XXIII

ENTRE NUECES Y VINO[74]

Moore, el más estimado de los bardos, escribió:

Oh, nada hay tan dulce en la vida

Como el sueño de un amor de juventud[75].

Aunque lo cierto es que realizó esta afirmación cuando era un joven imberbe, antes de haber aprendido el valor de una buena digestión. Para un joven inexperto y apasionado, el sueño de un amor de juventud es, sin lugar a dudas, fascinante, pues los amantes carecen por lo general de un gran apetito. Pero para un hombre ya experimentado, que se ha bebido a fondo el vino de la vida, no hay nada ni la mitad de placentero en el conjunto de su existencia que una buena cena. «Un corazón fuerte y una buena digestión harán feliz a cualquier hombre». Así lo afirmó Talleyrand[76], un cínico, si lo prefieren, pero un hombre que conocía el talante de su tiempo y generación.

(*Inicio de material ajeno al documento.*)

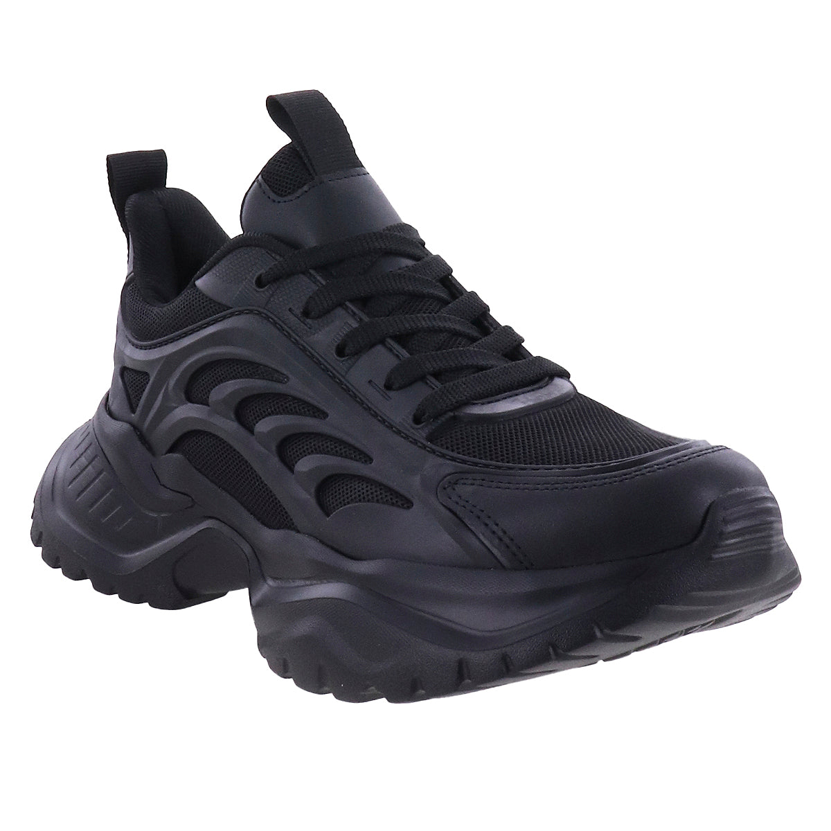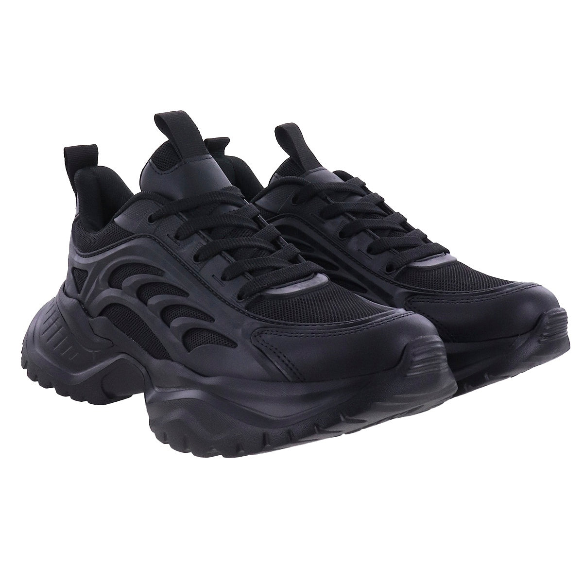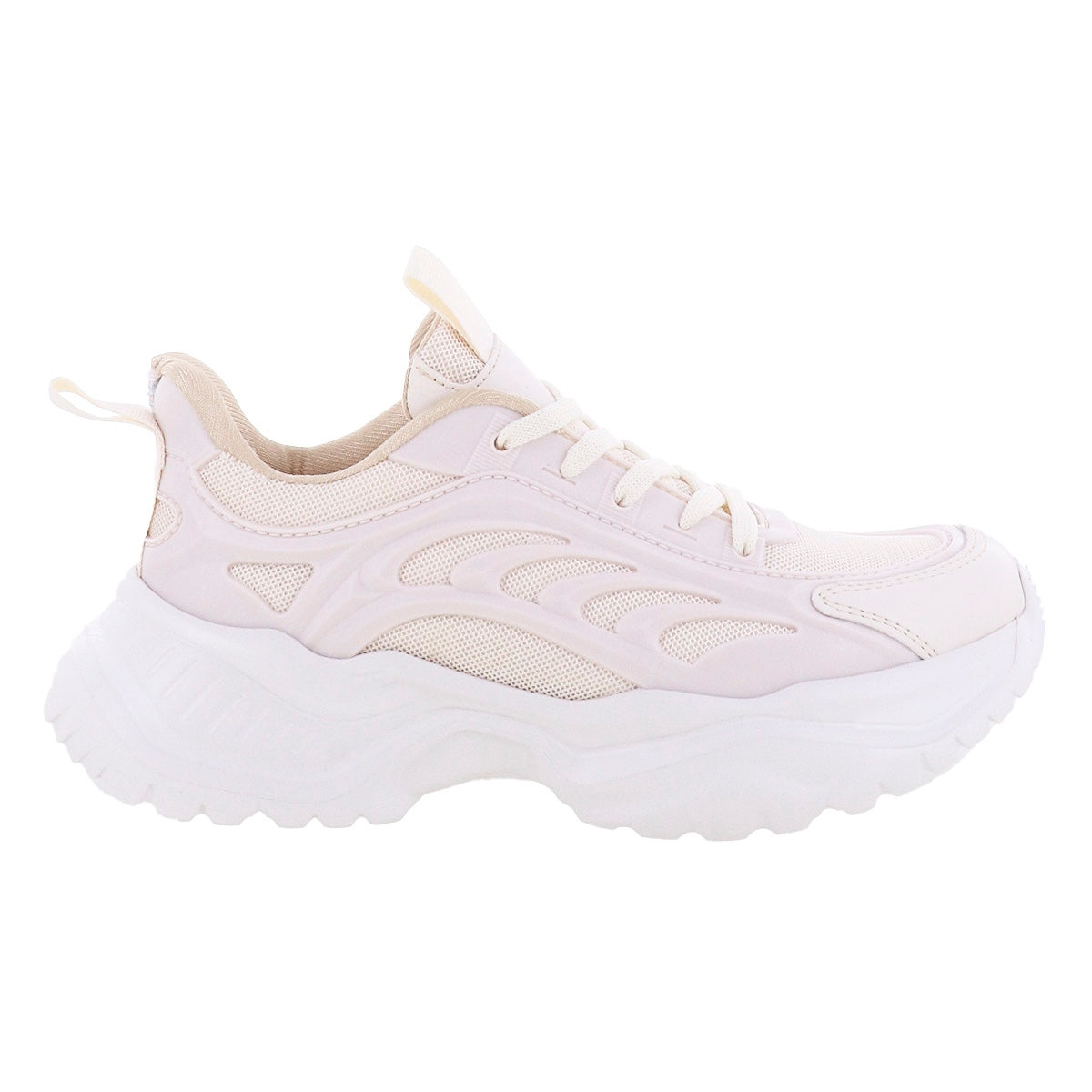 Tenis deportivos multitextura de plataforma chunky. Cintas de ajuste a tono y suela antiderrapante.

Ovidio escribió sobre el arte del amor; Brillat-Savarin[77], sobre el arte de la comida. Además, se lo garantizo, el tratado gastronómico de este brillante francés ha sido mucho más leído que las apasionadas canciones del poeta romano. ¿Quién no aprecia cómo el momento más placentero del día aquel en el que, sentado ante una mesa artísticamente dispuesta, con viandas delicadamente cocinadas, buenos vinos, y agradable compañía, todas las preocupaciones e inquietudes del día dan paso a la deliciosa sensación del más absoluto placer? Cenar en compañía de ingleses es, por lo general, un asunto bastante deprimente, y existe una melancolía con respecto al hecho en sí que se traslada a los propios invitados, quienes comen y beben con una persistencia solemne, como si estuviesen ocupados en llevar a cabo algún tipo de ritual sagrado. Pero existen hombres, unos pocos elegidos, que poseen la rara facultad de ofrecer buenas cenas, tanto en el sentido social como el culinario.

Mark Frettlby era uno de estos excepcionales individuos; poseía un talento innato para organizar reuniones en grata compañía; personas que, por así decirlo, encajaban unas con otras. Tenía a su servicio a un excelente cocinero, y la calidad de sus vinos era intachable. Fue por todo esto que Brian, a pesar de sus muchas inquietudes, se alegró de haber aceptado la invitación. El resplandor brillante de la plata, las relucientes copas y el perfume de las flores, todo reunido bajo el tenue brillo rojizo que emanaba de una lámpara de pantalla rosada que colgaba del techo, proporcionaban sensaciones inequívocamente placenteras.

En un extremo del comedor se encontraban dispuestas las ventanas al estilo francés, que se abrían hacía la veranda; y, más allá, aparecían a la vista el radiante verdor de los árboles junto a las flores de deslumbrantes colores, algo mitigados por el tenue resplandor difuso del crespúsculo.

Brian se había arreglado para lucir lo más presentable posible, dada la incómoda circunstancia de tener que sentarse a la mesa vestido con su traje de montar; tomó asiento junto a Madge, bebió a sorbos con satisfacción de su copa de vino, y escuchó la agradable conversación que tenía lugar a su alrededor.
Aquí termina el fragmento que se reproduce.